▸ **What you have to do**
Please transcribe the data below in full. Omit any picture you find in it.

▸ **Supplied data**
────────────────────────────────────────

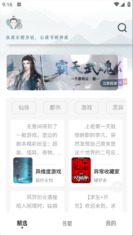 旷野书屋app是一款最近才上线的手机免费阅读软件,各种题材类型的小说应有尽有,极具全面化的书籍类型,在线个性化的推荐功能,免费畅享阅读小说,惊喜多多等你来!
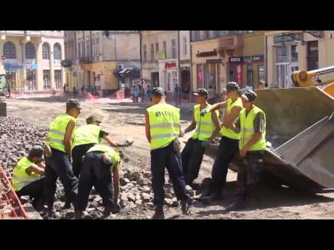 The job is very difficult, therefore these construction workers in Ukraine must work as a team…
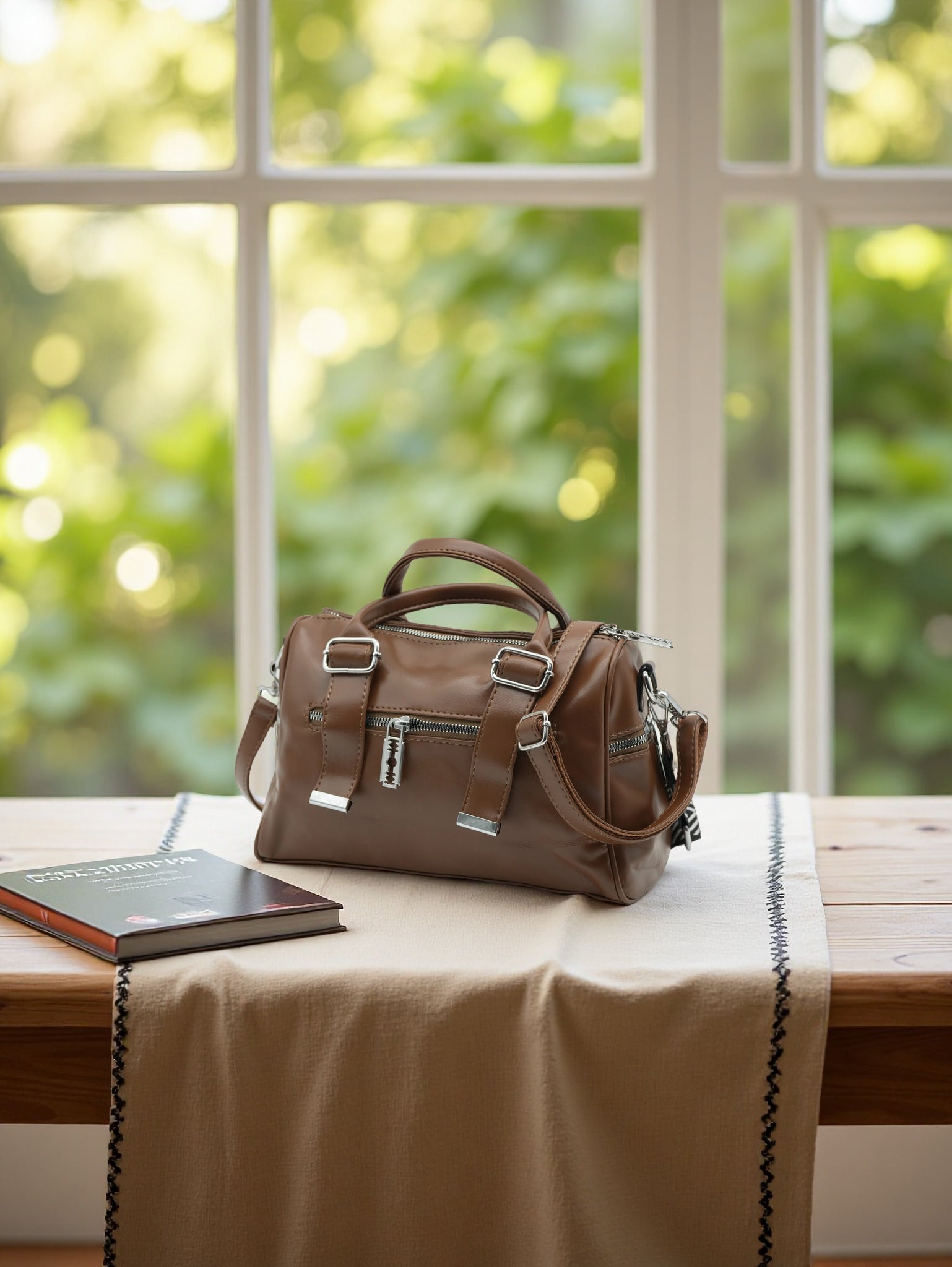 Crafted from durable, easy-to-clean faux leather, this satchel offers a spacious main compartment with secure zipper closure, making it ideal for daily use, office wear, or travel. The sturdy top handles and detachable crossbody strap provide versatile carrying options for your comfort.

────────────────────────────────────────

▸ **Answer to the exercise**
 旷野书屋app是一款最近才上线的手机免费阅读软件,各种题材类型的小说应有尽有,极具全面化的书籍类型,在线个性化的推荐功能,免费畅享阅读小说,惊喜多多等你来!
 The job is very difficult, therefore these construction workers in Ukraine must work as a team…
 Crafted from durable, easy-to-clean faux leather, this satchel offers a spacious main compartment with secure zipper closure, making it ideal for daily use, office wear, or travel. The sturdy top handles and detachable crossbody strap provide versatile carrying options for your comfort.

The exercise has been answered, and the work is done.